Fun fact: pomegranates are in season from September to February in the northern hemisphere, although you can usually find them year round at the grocery store.
Since these are baked donuts, they are so easy to make. There’s no need for yeast leavening, or cleaning up used oil. You could quickly whip them up on a Sunday evening and enjoy them over the next few days. They make for a perfect snack or dessert and are easy to pack for work or school.
I made the donuts using a simple, classic batter. You only need a couple simple ingredients such as: flour, sugar, butter, eggs, cream, baking powder, vanilla extract, and spices. To complement the pomegranate glaze, I also used the following spices: star anise, cinnamon, and nutmeg.
To make the glaze, I mixed a little pomegranate juice with some icing sugar. And look how pink the glaze looks from only 3-4 tbsp. of juice!
I also decorated my donuts with a couple pomegranate seeds as I thought they were looking too plain. But this step is optional.

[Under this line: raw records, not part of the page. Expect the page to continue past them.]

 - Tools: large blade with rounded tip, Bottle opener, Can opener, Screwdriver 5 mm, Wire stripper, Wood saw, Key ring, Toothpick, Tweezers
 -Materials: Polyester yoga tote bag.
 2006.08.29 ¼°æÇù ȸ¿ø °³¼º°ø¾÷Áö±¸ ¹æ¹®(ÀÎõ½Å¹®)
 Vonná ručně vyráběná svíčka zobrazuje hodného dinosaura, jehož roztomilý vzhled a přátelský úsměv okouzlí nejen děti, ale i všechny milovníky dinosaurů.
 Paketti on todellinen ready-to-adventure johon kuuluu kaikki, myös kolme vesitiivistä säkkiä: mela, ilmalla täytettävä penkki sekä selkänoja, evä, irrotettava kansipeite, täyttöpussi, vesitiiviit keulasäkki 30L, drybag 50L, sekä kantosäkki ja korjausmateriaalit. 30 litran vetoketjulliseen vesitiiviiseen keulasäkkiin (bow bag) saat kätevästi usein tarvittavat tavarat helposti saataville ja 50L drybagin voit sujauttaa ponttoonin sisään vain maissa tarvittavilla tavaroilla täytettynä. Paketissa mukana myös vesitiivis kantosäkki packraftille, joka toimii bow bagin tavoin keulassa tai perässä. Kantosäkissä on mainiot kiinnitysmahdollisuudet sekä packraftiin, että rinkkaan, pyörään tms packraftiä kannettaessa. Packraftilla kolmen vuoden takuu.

If you have extras, you can freeze them in ziplock bags. Let them thaw at room temperature and eat them right away. Once you thaw them, they dry out very quickly.
See more donut recipes here.
And lastly, this is how to make the spicy pomegranate donuts:
Spicy Pomegranate Donuts
For the batter:
- 2 large eggs at room temperature
- 1 cup (150 g/ 5 ¼ oz.) all-purpose flour
- ½ cup (100 g/ 3 ½ oz.) granulated sugar
- ½ stick (60 g/ 2 oz.) unsalted butter at room temperature
- ½ cup (120 ml/ 4 ¼ oz.)cream (35% fat content)

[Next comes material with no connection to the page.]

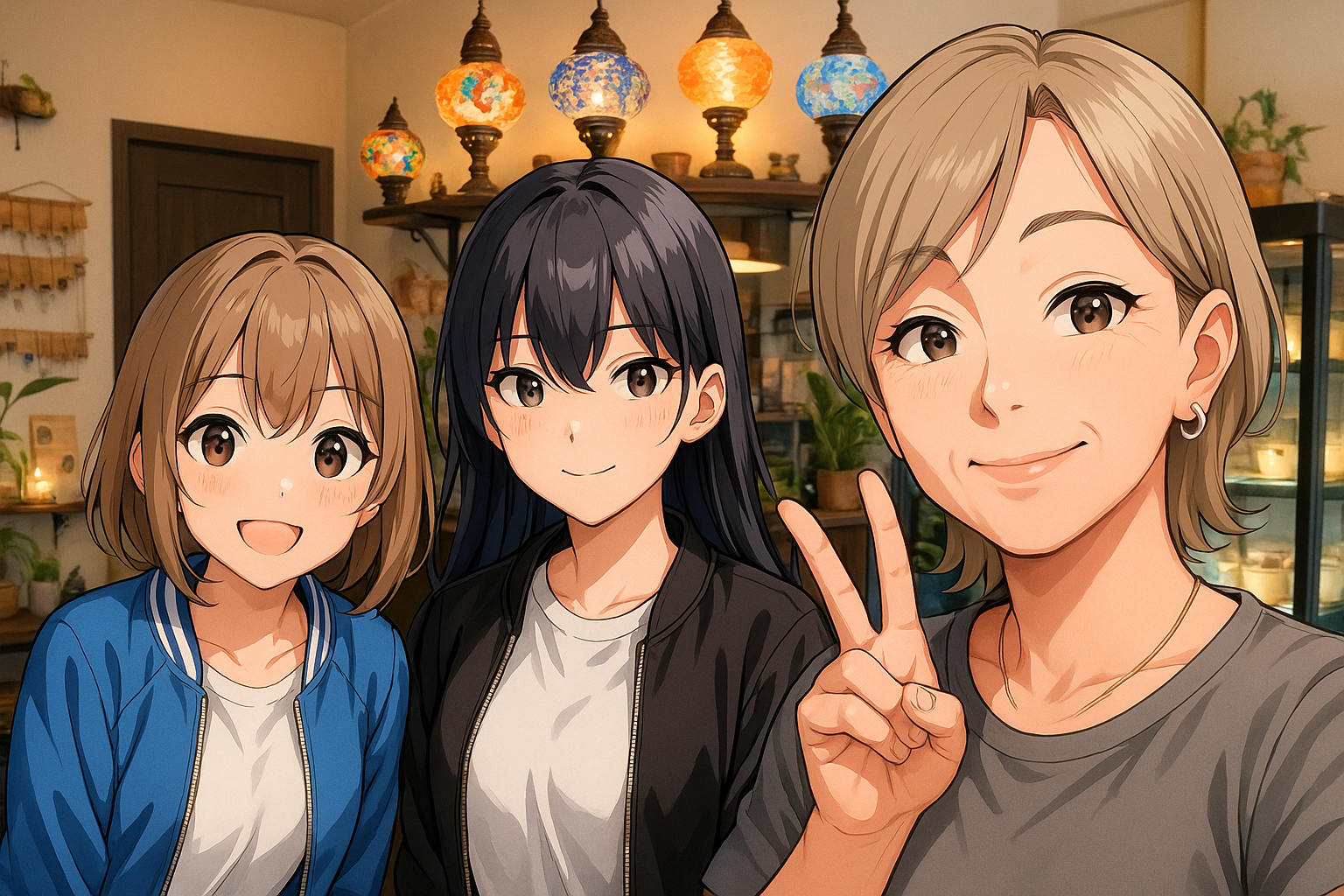 ※今回はkimiさん撮影のセルフィーを基にしたChatGPT作成のAIイラストを貼らせて頂きます。しまなみブルー本編で結と凛がK-worksに来てkimiさんにセルフィー撮って貰った感じのイメージです。(*´∇`*)

- 1 tsp ground star anise seeds
- ½ tsp ground cinnamon
- ½ tsp ground nutmeg
- 1 tsp vanilla extract
- 1 tsp baking powder
- ¼ tsp salt
- 1 tbsp. unsalted butter at room temperature for greasing the pan
For the glaze:
- 1 ¾ cups (200 g/ 7 oz.) icing sugar
- 3-4 tbsp. freshly squeezed pomegranate juice
For the batter:
- Pre-heat oven to 180 °C (350 °F).
- Sift the flour, ground star anise, cinnamon, and nutmeg into a bowl, add the baking powder and mix them with a whisk.
- Gently melt the butter over low temperature. Make sure the butter does not bubble. Once melted, set it aside and allow it to cool a little.
- Crack the eggs into another bowl, add the sugar and beat at high speed with an electric mixer.The mixture is ready when almost triple in volume and light in colour. Add the vanilla extract, salt, cream and mix.
- Using a spatula, add the flour mix to the egg mix in 2-3 steps, mixing gently after each step. Make sure the flour is well incorporated, but do not over mix. Once the flour has been incorporated, fold in the melted cooled butter. Allow the batter to sit for 5 minutes.
- Grease the donut pan with room temperature butter. Pipe the batter filling ¾ of each cavity. Bake for 10 minutes, or until donuts spring back when gently pressed.
- Once baked, take the pan out of the oven and allow the donuts to cool in the donut pan 2-3 minutes at room temperature. Transfer them to a rack and let them sit until completely cooled.
For the glaze:
- In a bowl, mix the icing sugar and pomegranate juice until sugar is dissolved and mixture looks creamy. If the glaze is too thick, add 1 more tbsp. pomegranate juice. Pour or drizzle over the donuts.